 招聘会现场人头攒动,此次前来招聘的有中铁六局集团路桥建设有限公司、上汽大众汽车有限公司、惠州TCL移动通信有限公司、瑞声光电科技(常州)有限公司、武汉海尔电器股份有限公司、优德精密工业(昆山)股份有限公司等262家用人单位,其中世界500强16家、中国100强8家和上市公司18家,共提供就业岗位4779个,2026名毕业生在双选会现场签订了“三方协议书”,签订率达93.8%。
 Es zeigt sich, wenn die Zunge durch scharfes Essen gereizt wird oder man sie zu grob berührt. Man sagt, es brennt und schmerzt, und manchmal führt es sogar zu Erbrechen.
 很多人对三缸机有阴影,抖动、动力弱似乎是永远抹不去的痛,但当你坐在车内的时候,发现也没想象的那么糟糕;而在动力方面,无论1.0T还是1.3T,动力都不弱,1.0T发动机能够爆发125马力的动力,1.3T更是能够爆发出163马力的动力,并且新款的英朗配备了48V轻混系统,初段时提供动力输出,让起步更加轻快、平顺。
* * *
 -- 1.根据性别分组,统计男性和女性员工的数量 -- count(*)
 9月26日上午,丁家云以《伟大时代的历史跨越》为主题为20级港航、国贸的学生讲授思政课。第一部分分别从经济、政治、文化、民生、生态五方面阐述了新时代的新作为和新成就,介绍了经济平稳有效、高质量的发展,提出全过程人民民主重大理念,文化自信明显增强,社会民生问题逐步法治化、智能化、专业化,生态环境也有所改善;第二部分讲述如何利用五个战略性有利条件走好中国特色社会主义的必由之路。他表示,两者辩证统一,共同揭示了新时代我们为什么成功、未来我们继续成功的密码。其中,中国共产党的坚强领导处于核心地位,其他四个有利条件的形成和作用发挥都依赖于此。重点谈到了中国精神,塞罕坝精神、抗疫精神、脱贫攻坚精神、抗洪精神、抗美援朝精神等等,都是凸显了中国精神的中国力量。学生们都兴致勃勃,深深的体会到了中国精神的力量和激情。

TASK GOAL —
Take the lines above from the one containing "招聘会现场人头攒动,此次前来" down to the one containing "很多人对三缸机有阴影,抖动、", and transcribe them exactly, both ends included.

ANSWER BOX —
 招聘会现场人头攒动,此次前来招聘的有中铁六局集团路桥建设有限公司、上汽大众汽车有限公司、惠州TCL移动通信有限公司、瑞声光电科技(常州)有限公司、武汉海尔电器股份有限公司、优德精密工业(昆山)股份有限公司等262家用人单位,其中世界500强16家、中国100强8家和上市公司18家,共提供就业岗位4779个,2026名毕业生在双选会现场签订了“三方协议书”,签订率达93.8%。
 Es zeigt sich, wenn die Zunge durch scharfes Essen gereizt wird oder man sie zu grob berührt. Man sagt, es brennt und schmerzt, und manchmal führt es sogar zu Erbrechen.
 很多人对三缸机有阴影,抖动、动力弱似乎是永远抹不去的痛,但当你坐在车内的时候,发现也没想象的那么糟糕;而在动力方面,无论1.0T还是1.3T,动力都不弱,1.0T发动机能够爆发125马力的动力,1.3T更是能够爆发出163马力的动力,并且新款的英朗配备了48V轻混系统,初段时提供动力输出,让起步更加轻快、平顺。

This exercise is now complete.